Building a Knowledge Base for Elementary Teacher Education: Focus on Addition and Subtraction

Winter 2023
Sheryl Stump, Ball State Univ., Barbara L. Johnson, Indiana Univ. Purdue Univ. Indianapolis, Brooke Max, Purdue Univ., & Clay Roan, Univ. of Indianapolis

This article describes a collaboration among four mathematics teacher educators who teach mathematics content courses for prospective elementary teachers (PSTs) at different universities. As members of the Hoosier Association of Mathematics Teacher Educators, we shared our experiences with addition and subtraction of single- and multi-digit whole numbers and believed our collaboration on this topic would help us improve our courses.
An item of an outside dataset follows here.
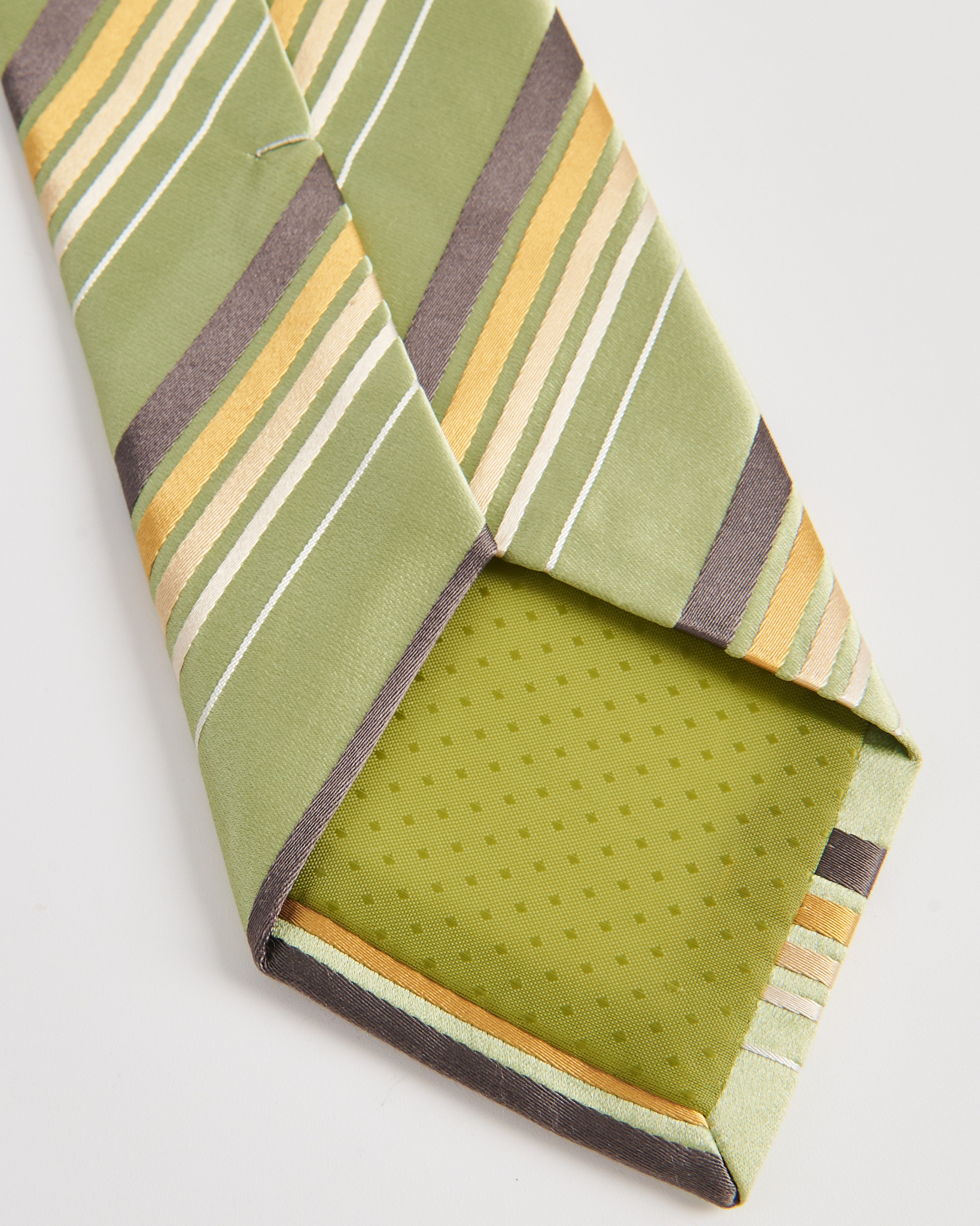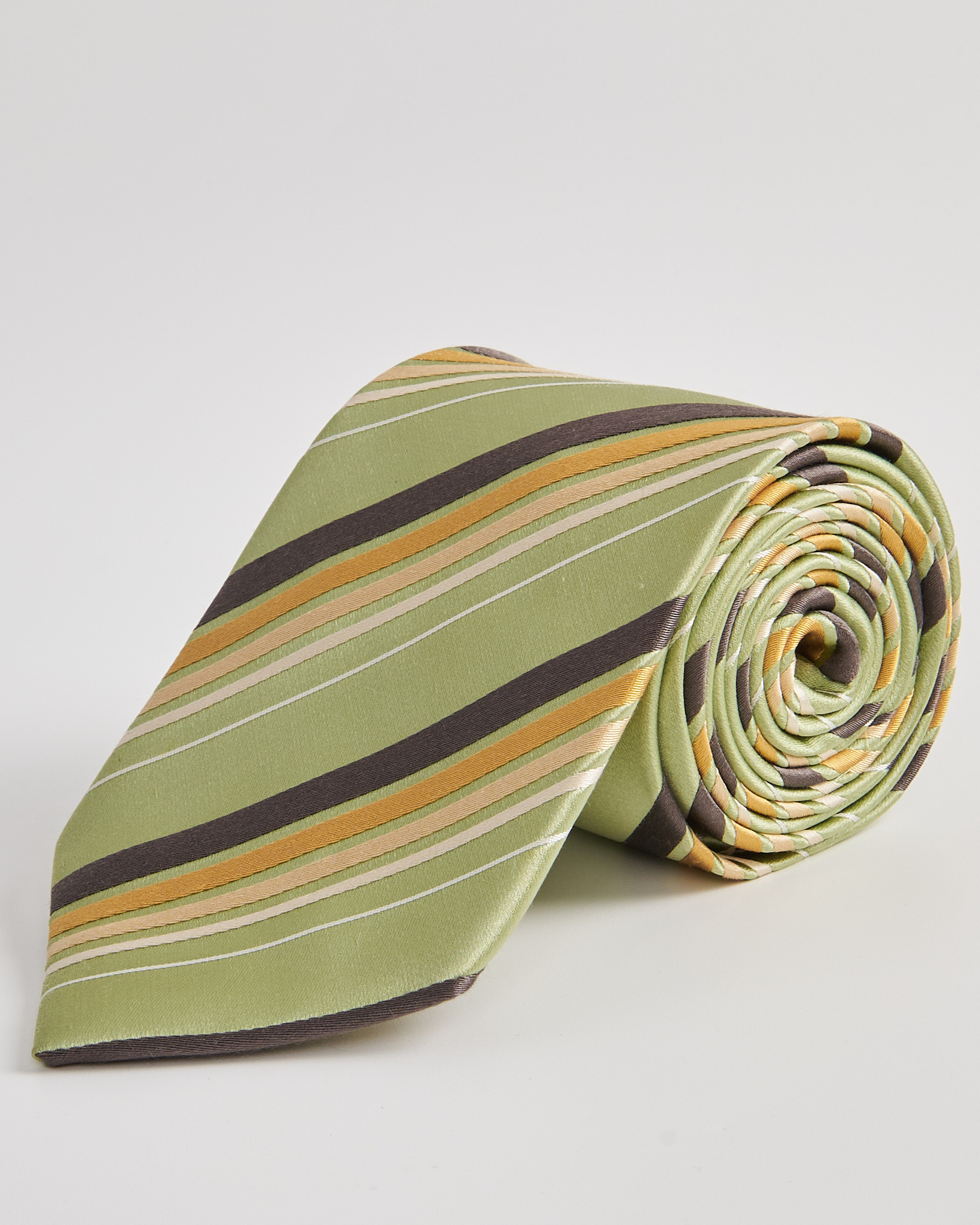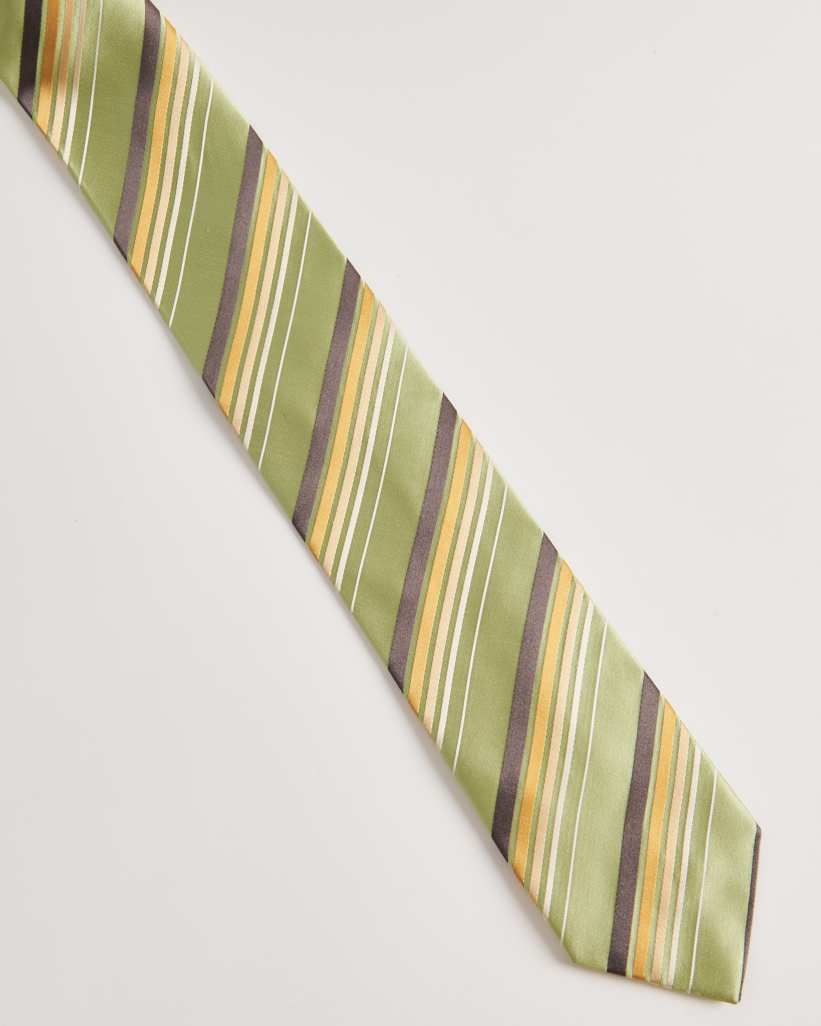 Галстук из шелка с легким блеском. Украшен диагональными полосами разной ширины.
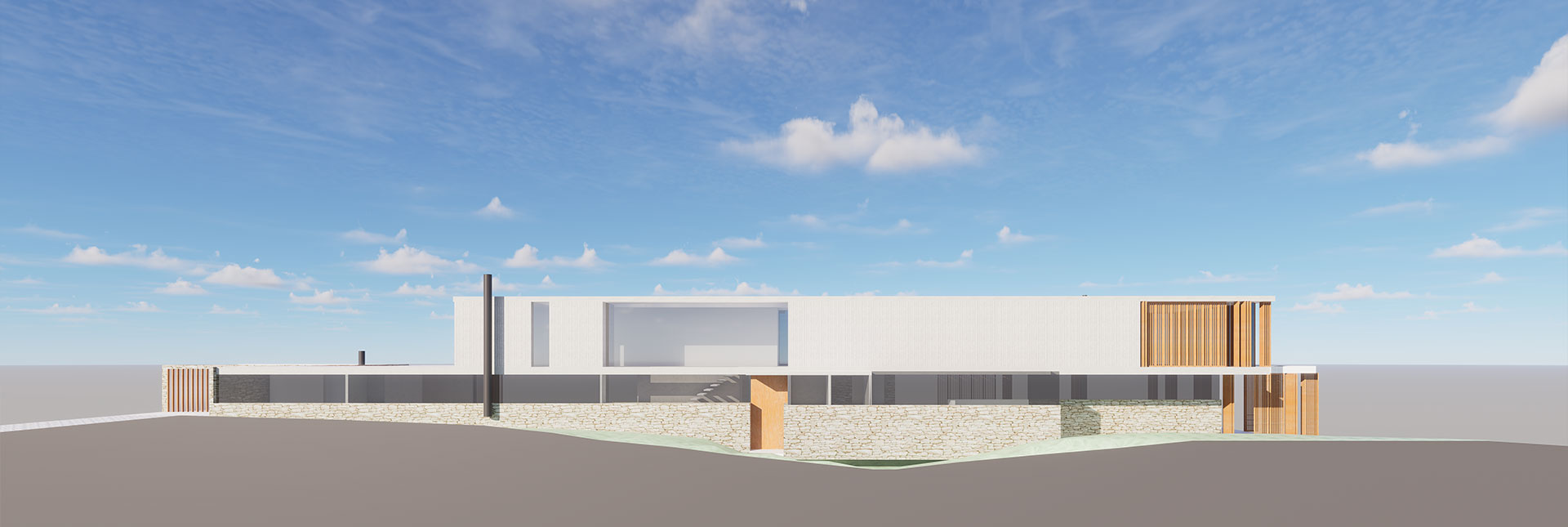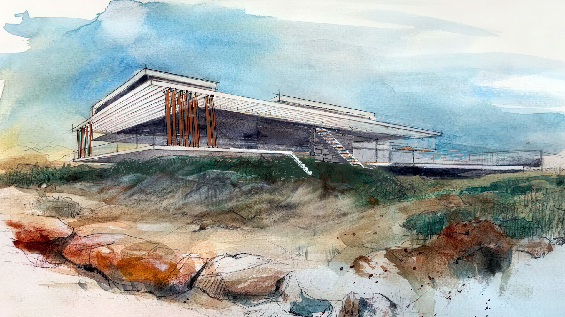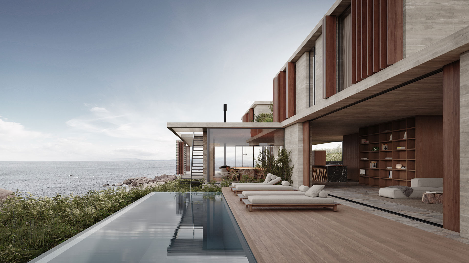 En un terreno de suave pendiente hacia el mar, la propuesta se destaca por líneas geométricas claras que se insertan en el paisaje de rocas arena y océano, penetrando a través de la transparencia en el interior.

Jansen et al. (2009) highlight the importance of collaboration around targeted and shared learning goals in the building of a knowledge base for teacher education. Targeted learning goals are “sufficiently well specified and fine grained to suggest interventions for supporting learners in achieving them and to indicate the types of evidence needed to determine if the goals have been achieved” (p. 526). Shared learning goals are “mutually understood and committed to by all participants in the knowledge-building process” (p. 526). These authors also note:

It is not realistic to expect different teacher education programs to adopt the exact same set of learning goals, as local contexts and populations have specific needs and work under varying constraints. It is more plausible to consider developing cross-site communities of knowledge builders who commit to a small set of related learning goals. We call these small sets of related learning goals a learning progression. (p. 533)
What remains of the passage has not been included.